The names of files start getting very long so sometimes it is useful to rename files to shorten and simplify them:
mv readset_R1_val_1_prinseq_good_yW3o.fastq readset_clean_R1.fq mv readset_R2_val_2_prinseq_good_BkEF.fastq readset_clean_R2.fq
Now that you have good quality reads, you can prepare the reference files for indexing with BWA. At this stage, you might want to check that the names of your sequences in the fasta reference file make sense, as this will be the name given to your consensus sequences later. Creating an index/database of your reference (this speeds up the mapping).
bwa index -a is ref.fa
Paired-end reads are aligned separately and then combined:
bwa aln ref readset_clean_R1.fq > readset_R1.sai bwa aln ref readset_clean_R2.fq > readset_R2.sai
Then you need to combine the information from the two files:
bwa sampe ref readset_R1.sai readset_R2.sai readset_clean_R1.fq readset_clean_R2.fq > readset_ref_bwa.sam
samtools view -S readset_ref_bwa.sam -b -o readset_ref_bwa.bam
or to remove unmapped reads at this stage
samtools view -F 4 -Sbh readset_ref_bwa.sam > readset_ref_bwa.bam
samtools sort readset_ref_bwa.bam readset_ref_bwa samtools index readset_ref_bwa.bam
bam2fastq --no-aligned --force --strict -o readset_ref_unmapped#.fq readset_ref_bwa.bam
Create the consensus. BEWARE samtools has changed a lot and these commands no longer work. The "bcftools call" command that replaces it produces unexpected results.

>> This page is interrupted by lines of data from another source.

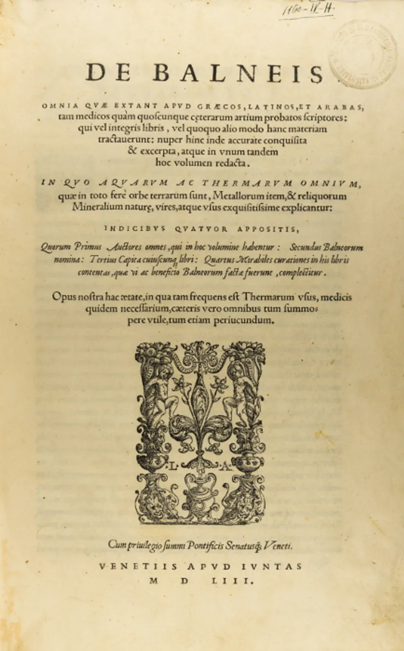 Tomaso Giunta (ed.), De balneis omnia quae extant… (Venice, 1553).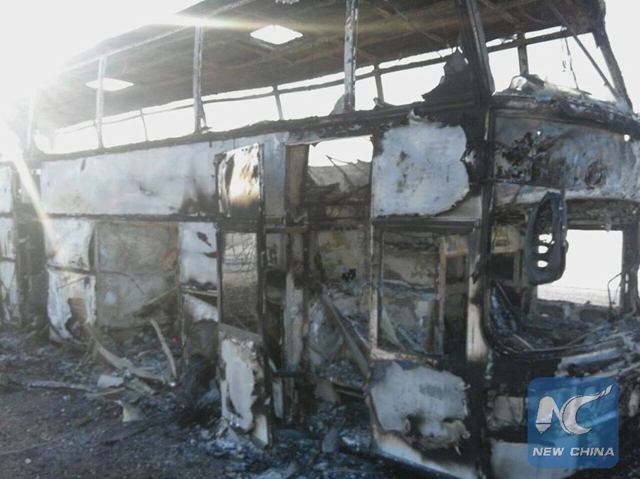 Photo taken on Jan. 18, 2018 shows a burnt bus in northwest Kazakhstan's Aktobe Region. (Xinhua)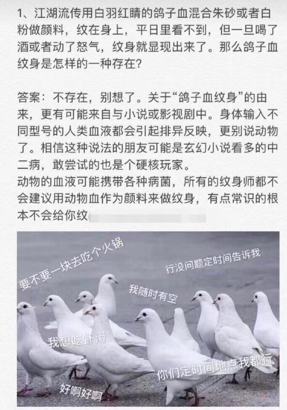 首先声明一下,经过走访询问多位有经验的纹身师,传说中的鸽子血纹身是假的!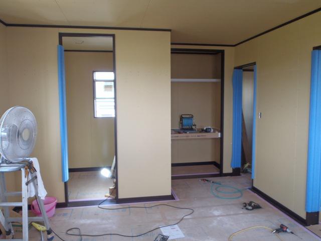 木工事(1階床フローリング貼り、壁ボード貼り、ドア開口枠取付、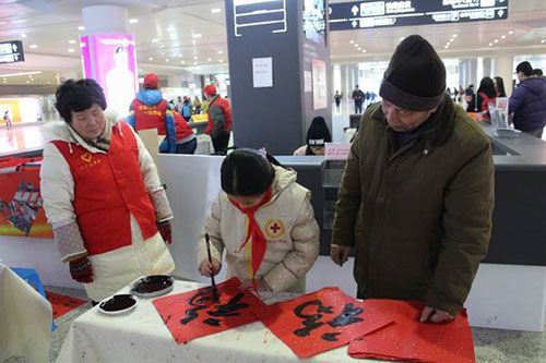 二是新春“福”字写一写。组织辖区学生、全国五一劳动奖章获得者、省市劳动模范及杭州市功勋志愿者参加杭州火车东站“红十字送福送平安”志愿活动,他们正在开展“红十字平安送福”主题志愿服务。红十字小志愿者们和其他优秀志愿者代表一道,将500份春联、家庭急救手册、餐巾纸、环保袋和来自江干区的祝福“打包”送至杭州火车东站的各个角落,向广大返乡旅客送去新春祝福和平安。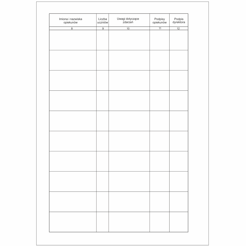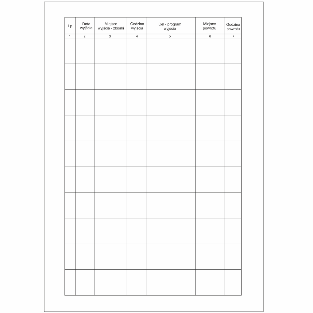 Księgę ma obowiązek prowadzić każda placówka edukacyjna. Ewidencjonuje się w niej wszystkie wyjścia grupowe uczniów. Wpisów dokonuje się chronologicznie według daty wyjścia.

samtools mpileup -uf ref.fa readset_ref_bwa.bam | bcftools view -cg - | vcfutils.pl vcf2fq > readset_ref_bwa_cons.fq
Increase sensitivity of samtools using -E especially when you have multiple nucleotide polymorphisms, for example if you have virus intra-host diversity
samtools mpileup -E -uf ref.fa readset_ref_bwa.bam | bcftools view -cg - | vcfutils.pl vcf2fq > readset_ref_bwa_E_cons.fq
Convert the fastq format to fasta using seqret from emboss
seqret -osformat fasta readset_ref_bwa_E_cons.fq -out2 readset_ref_bwa_E_cons.fa
Stampy is another alignment tool which allows variation (particularly insertion/deletions) and thus can be used if you do not have a closely related reference. Create stampy reference and index:
stampy -G ref ref.fa
stampy -g ref -H ref
Stampy does mapping of paired-end reads together and you can set the divergence for mapping to a foreign reference with --substitutionrate option (default 0.001):
stampy -g ref -h ref -M readset_clean_R1.fq,readset_clean_R2.fq -o readset_stampy.sam -f sam --substitutionrate=0.05
Create bam file and consensus as before:
samtools view -S readset_stampy.sam -b -o readset_stampy.bam
samtools sort readset_stampy.bam readset_stampy
samtools index readset_stampy.bam
bam2fastq --no-aligned --force --strict -o readset_stampy_unmapped#.fq readset_stampy.bam
Be careful with the following commands as samtools and bcftools has changed a lot since I wrote this tutorial:
samtools mpileup -E -uf ref.fa readset_stampy.bam | bcftools view -cg - | vcfutils.pl vcf2fq > readset_ref_stampy_E_cons.fq
seqret -osformat fasta readset_ref_stampy_E_cons.fq -out2 readset_ref_stampy_E_cons.fa
Once my students are familiar with using these command lines, I start teaching them how to put the commands together in a bash script to create an automated pipeline. Examples of these will come in a later tutorial.